Preheat your oven to 190°C (375°F/Gas 5). Cream the butter with the icing sugar and vanilla until it is smooth. Add the flour in four portions, mashing it in well with a wooden spoon after each addition. Mix the nuts through.
Divide the dough into quarters. Dip your fingers in icing sugar and then, from each quarter of dough, roll 10 balls the size of cherry tomatoes. Put on two ungreased baking trays, leaving some space between each ball. Flatten each one a bit, and then dip your thumb in icing sugar and make an indent in each ball.
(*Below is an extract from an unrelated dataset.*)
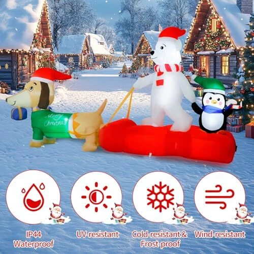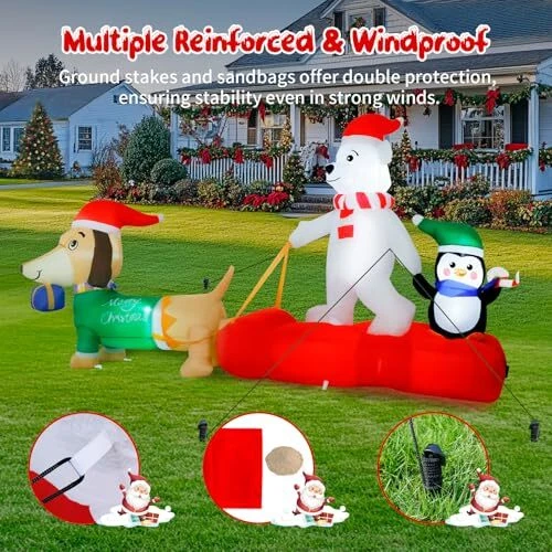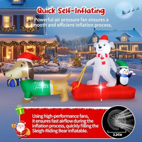 30 Days Return Policy Fast Delivery Trusted seller 8FT Christmas Inflatable Outdoor Lighted Polar Bear & Penguins Carrying Dog Sleigh Decor, Sleigh-Riding Bear with a Candy Cane-Holding Penguin Yard Decor for Xmas Holiday, Indoor & Outside Product Description ?【Charming Holiday Decoration】A polar bear wearing a red Santa hat leads an adorable little penguin holding a candy cane. A Christmas puppy carrying a gift in its mouth drives the sled that carries both the penguin and the polar bear, together distributing delightful Christmas presents and spreading joyful holiday wishes. The sparkling lighting effects highlight every detail, adding warmth and festive cheer to your celebration. ?【Sparkling Light Effects】Decorate your Christmas with this 8-foot inflatable decoration, bringing joy and warmth to your home. Featuring three-LED light, it offers advantages in brightness, uniformity, energy efficiency, longevity, and fault redundancy. Suitable for both indoor and outdoor use, it creates an unforgettable festive atmosp whether placed in your yard or living room. ?【Sturdy and Stable】Our Inflatable Outdoor Decor is made from high-quality waterproof polyester material. The sandbag at the bottom can be filled with sand to add weight to the base. Use the ropes and ground stakes to enhance stability and prevent it from being blown away or moved accidentally. This ensures that the Inflatable Outdoor Decor will last throughout the entire holiday season. ?【Durable and Easy to Maintain】Featuring advanced heat-sealing technology, the seams are tight and airtight. Made from specially treated high-quality synthetic fabric, it is resistant to both high and low temperatures, with excellent dyeing performance, vibrant colors, and minimal fading. It supports CE and UL certified adapters, making this Inflatable Outdoor Decor a dazzling and safe highlight of your holiday decorations. ?【Package Included】1 x 8FT Inflatable Outdoor Decor, 1 x Storage Bag, 1 x Sandbag(which can be filled with sand to add weight, ensuring the balance and stability of the 8FT Inflatable Outdoor Decor.), 2 x ropes, 4 x Stakes to secure, 1 x 1.25A UL-certified Adapter adaptor. Shipping Returns Payment Shipping Shipping is FREE to all addresses other than APO/PO boxes in the lower 48 states. All our stock ships from US-based warehouses. Shipped via USPS or UPS (depending on location and package weight) Unless stated otherwise, all orders will ship within 24-72 hours of your payment being processed. Check our feedback to see the great reviews of FAST shipping we offer. Returns As our valued customer, we will do our best to make sure the product you receive arrives to you on time and as expected. If you are not satisfied with your purchase, please contact us within 30 days of receiving your order to process a return. Payment We currently accept payment via eBay managed payments only. Once payment is cleared, we will dispatch your shipment within 1-3 business days. Please refer to the "Shipping" tab for more information regarding shipping speed to your destination.

The icing sugar will sit in here and, even if you’re not icing the biscuits, it’ll look good.
Bake one tray at a time for about 15 minutes or until the biscuits are firm and golden, and slightly darker around the edges. Bake for a few more minutes, if necessary. They are delicate, so carefully lift them off the trays and onto racks to cool. Wait until they are completely cold if you are going to ice them, otherwise store them in a biscuit tin.
To make the icing, cream together the icing sugar, butter, vanilla and milk until completely smooth. You may need to use more or less milk to get a soft, buttery consistency. Add the food colouring, mixing it in well. If you are not ready to ice the biscuits immediately, cover the bowl with a wet paper towel.
Use a small butter knife or a teaspoon to spread the icing quite rustically into and over the indentations in the biscuits. When the icing has hardened a little, store the biscuits in a tin. They keep very well at room temperature.